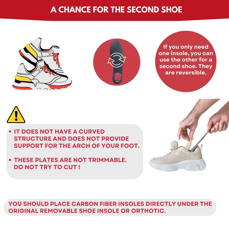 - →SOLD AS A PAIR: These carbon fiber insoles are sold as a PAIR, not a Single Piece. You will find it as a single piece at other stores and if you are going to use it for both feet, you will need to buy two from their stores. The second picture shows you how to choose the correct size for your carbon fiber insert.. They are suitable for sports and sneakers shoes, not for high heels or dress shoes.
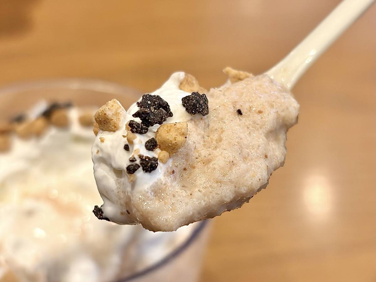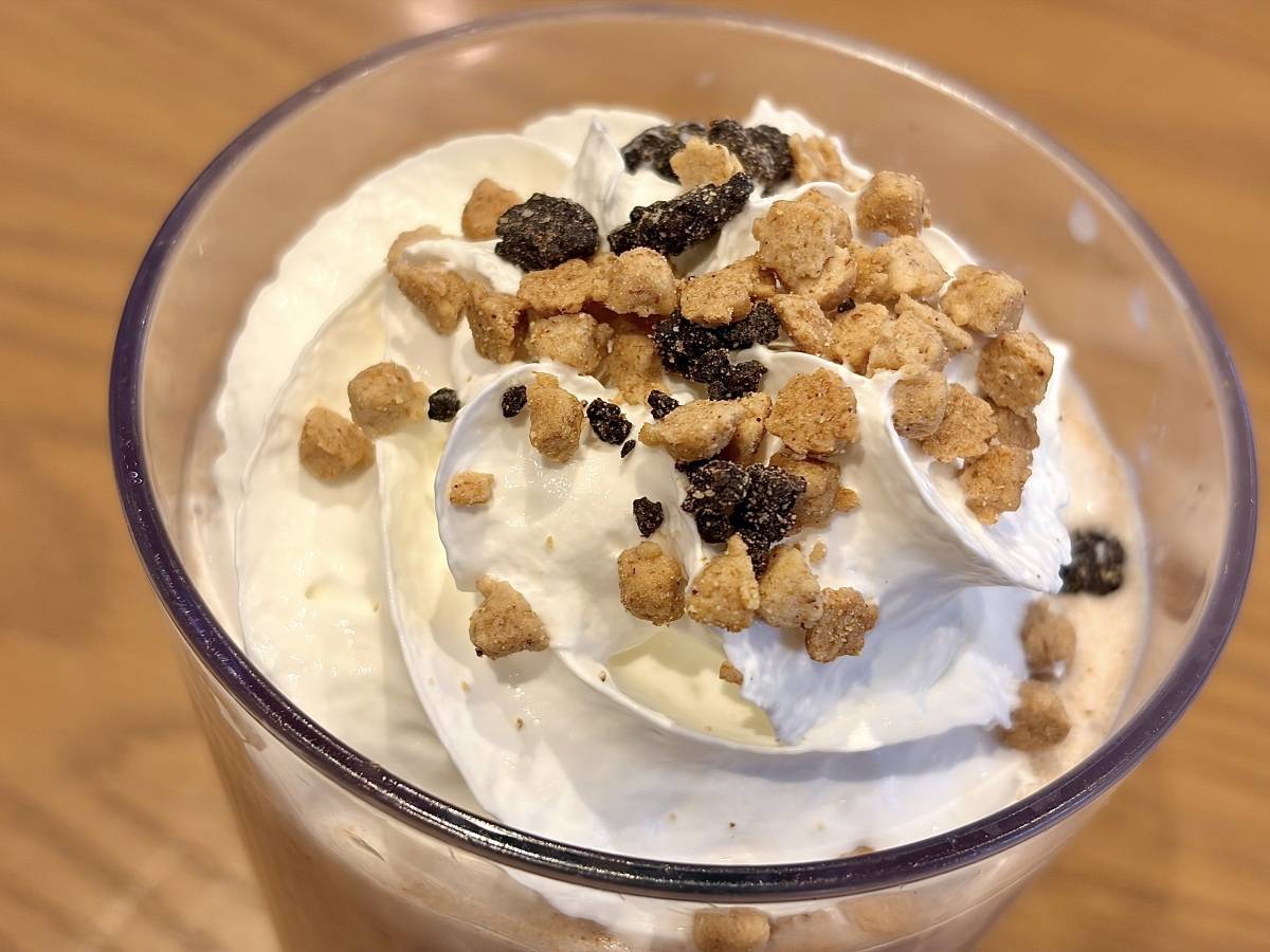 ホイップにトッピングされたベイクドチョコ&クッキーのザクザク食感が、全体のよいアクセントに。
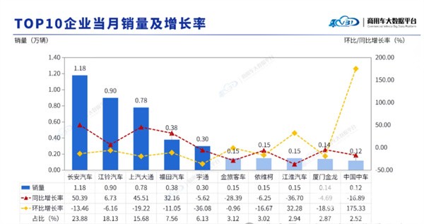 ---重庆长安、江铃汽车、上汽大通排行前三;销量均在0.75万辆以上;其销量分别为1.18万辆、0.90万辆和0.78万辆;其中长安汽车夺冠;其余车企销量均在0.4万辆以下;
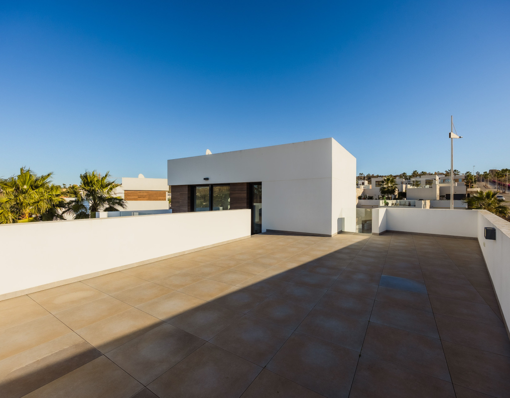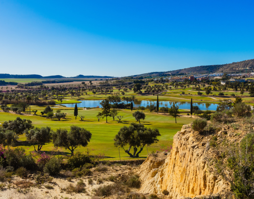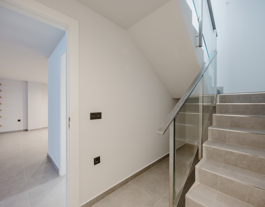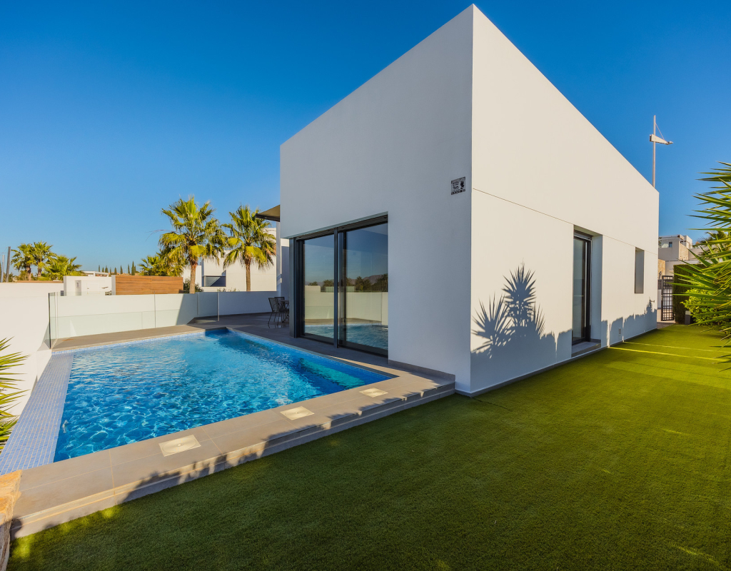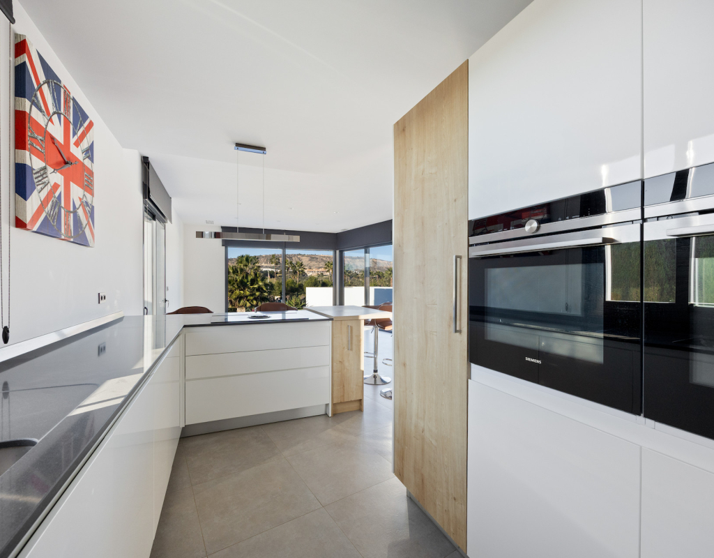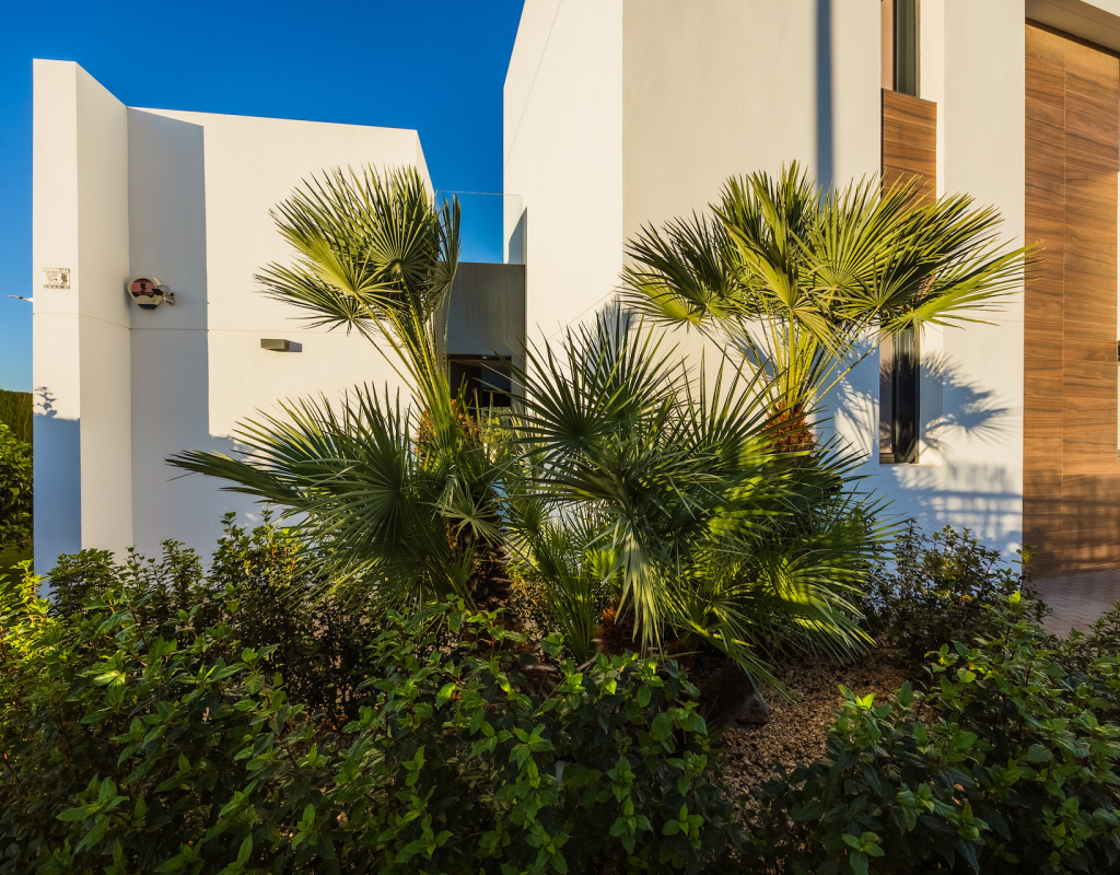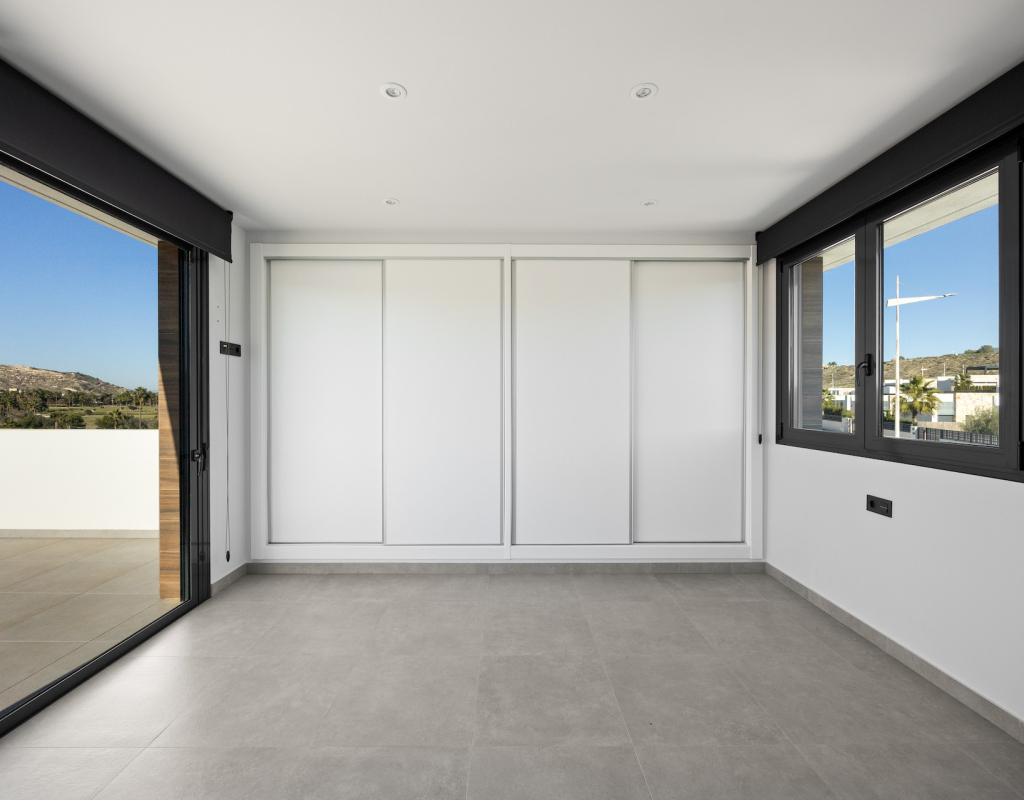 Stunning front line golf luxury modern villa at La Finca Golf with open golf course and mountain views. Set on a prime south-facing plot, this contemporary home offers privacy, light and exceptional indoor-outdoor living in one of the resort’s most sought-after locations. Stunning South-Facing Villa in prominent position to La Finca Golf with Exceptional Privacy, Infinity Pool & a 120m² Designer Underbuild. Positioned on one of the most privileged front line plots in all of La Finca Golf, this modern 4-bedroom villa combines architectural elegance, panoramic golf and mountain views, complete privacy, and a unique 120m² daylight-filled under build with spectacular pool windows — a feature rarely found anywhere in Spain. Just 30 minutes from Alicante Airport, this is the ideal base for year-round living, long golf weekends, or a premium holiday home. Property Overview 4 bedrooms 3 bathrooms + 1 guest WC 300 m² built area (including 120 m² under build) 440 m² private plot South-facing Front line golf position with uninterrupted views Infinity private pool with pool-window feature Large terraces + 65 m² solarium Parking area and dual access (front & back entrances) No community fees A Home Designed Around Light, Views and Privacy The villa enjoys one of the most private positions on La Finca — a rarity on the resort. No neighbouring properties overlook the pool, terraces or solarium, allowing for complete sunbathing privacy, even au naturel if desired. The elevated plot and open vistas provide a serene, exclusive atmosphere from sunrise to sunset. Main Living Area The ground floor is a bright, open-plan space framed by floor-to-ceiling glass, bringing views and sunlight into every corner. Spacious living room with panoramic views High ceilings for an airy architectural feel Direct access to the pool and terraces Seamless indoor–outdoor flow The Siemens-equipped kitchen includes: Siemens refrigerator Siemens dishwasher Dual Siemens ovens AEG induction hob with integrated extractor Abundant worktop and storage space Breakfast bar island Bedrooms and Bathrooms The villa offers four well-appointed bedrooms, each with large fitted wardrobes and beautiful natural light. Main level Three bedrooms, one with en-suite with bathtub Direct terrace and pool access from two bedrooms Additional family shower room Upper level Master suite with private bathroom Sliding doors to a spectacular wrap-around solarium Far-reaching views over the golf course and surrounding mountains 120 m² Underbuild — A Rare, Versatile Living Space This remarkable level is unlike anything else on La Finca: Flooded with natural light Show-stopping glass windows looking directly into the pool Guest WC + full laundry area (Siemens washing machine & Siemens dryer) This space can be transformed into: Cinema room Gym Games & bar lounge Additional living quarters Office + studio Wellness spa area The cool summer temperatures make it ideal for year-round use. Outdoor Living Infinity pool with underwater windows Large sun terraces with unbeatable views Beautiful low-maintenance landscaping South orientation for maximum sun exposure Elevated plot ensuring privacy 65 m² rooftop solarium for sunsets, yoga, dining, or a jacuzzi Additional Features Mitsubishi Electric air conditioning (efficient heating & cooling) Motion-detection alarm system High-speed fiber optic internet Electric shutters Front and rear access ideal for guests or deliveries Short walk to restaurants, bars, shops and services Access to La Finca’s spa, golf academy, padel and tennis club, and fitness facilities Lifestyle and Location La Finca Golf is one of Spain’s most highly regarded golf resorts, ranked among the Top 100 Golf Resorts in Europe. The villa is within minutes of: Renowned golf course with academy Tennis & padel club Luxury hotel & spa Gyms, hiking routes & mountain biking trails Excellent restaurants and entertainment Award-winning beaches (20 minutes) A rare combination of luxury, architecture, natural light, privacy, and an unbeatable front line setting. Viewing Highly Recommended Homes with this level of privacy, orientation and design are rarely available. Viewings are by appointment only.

::::

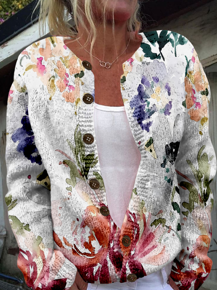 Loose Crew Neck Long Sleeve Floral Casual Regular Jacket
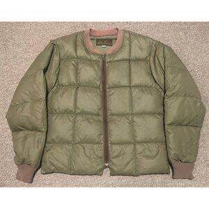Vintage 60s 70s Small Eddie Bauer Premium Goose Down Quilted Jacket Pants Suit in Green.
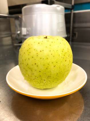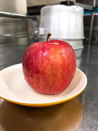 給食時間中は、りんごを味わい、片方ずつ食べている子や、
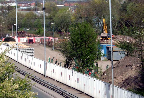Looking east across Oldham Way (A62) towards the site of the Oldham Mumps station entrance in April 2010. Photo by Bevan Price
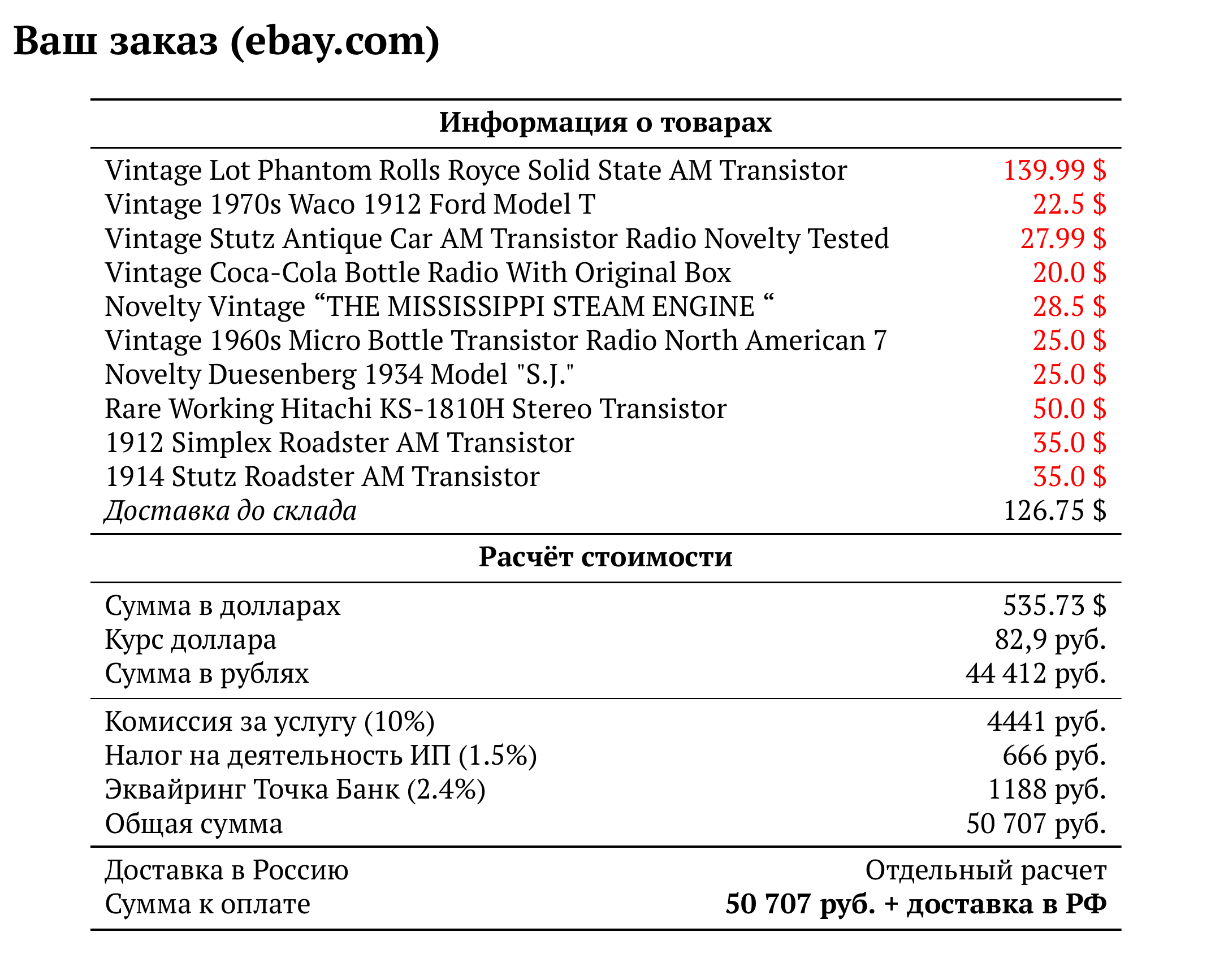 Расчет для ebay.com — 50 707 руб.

::::

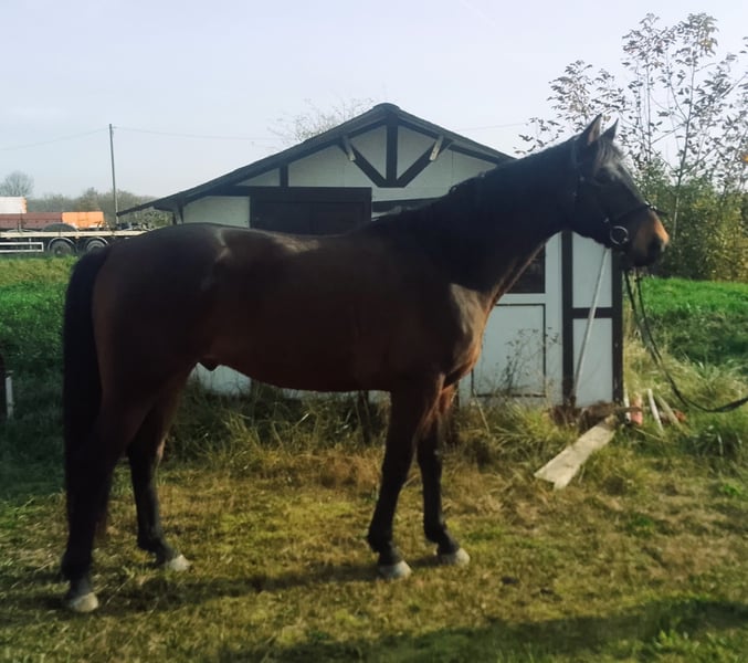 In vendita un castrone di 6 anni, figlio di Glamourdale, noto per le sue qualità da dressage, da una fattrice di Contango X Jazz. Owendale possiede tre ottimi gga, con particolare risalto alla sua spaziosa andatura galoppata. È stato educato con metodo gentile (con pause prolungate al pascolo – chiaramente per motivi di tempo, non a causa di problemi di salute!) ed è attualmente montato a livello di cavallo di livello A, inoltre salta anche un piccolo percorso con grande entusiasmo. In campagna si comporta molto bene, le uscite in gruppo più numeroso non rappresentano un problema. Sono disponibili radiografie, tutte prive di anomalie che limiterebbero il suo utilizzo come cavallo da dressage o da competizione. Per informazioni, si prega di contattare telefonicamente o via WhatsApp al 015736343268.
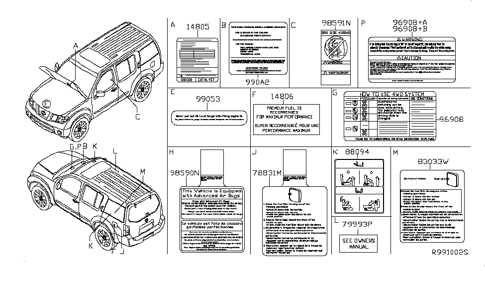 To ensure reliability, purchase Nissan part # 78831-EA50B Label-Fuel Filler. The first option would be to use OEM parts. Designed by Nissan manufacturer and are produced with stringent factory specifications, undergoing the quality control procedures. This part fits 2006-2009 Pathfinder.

::::

Your task: Set down exactly the lines above, from the line containing "ホイップにトッピングされたベ" through the line containing "---重庆长安、江铃汽车、上". Skip the pictures.

Exercise result:
 ホイップにトッピングされたベイクドチョコ&クッキーのザクザク食感が、全体のよいアクセントに。
 ---重庆长安、江铃汽车、上汽大通排行前三;销量均在0.75万辆以上;其销量分别为1.18万辆、0.90万辆和0.78万辆;其中长安汽车夺冠;其余车企销量均在0.4万辆以下;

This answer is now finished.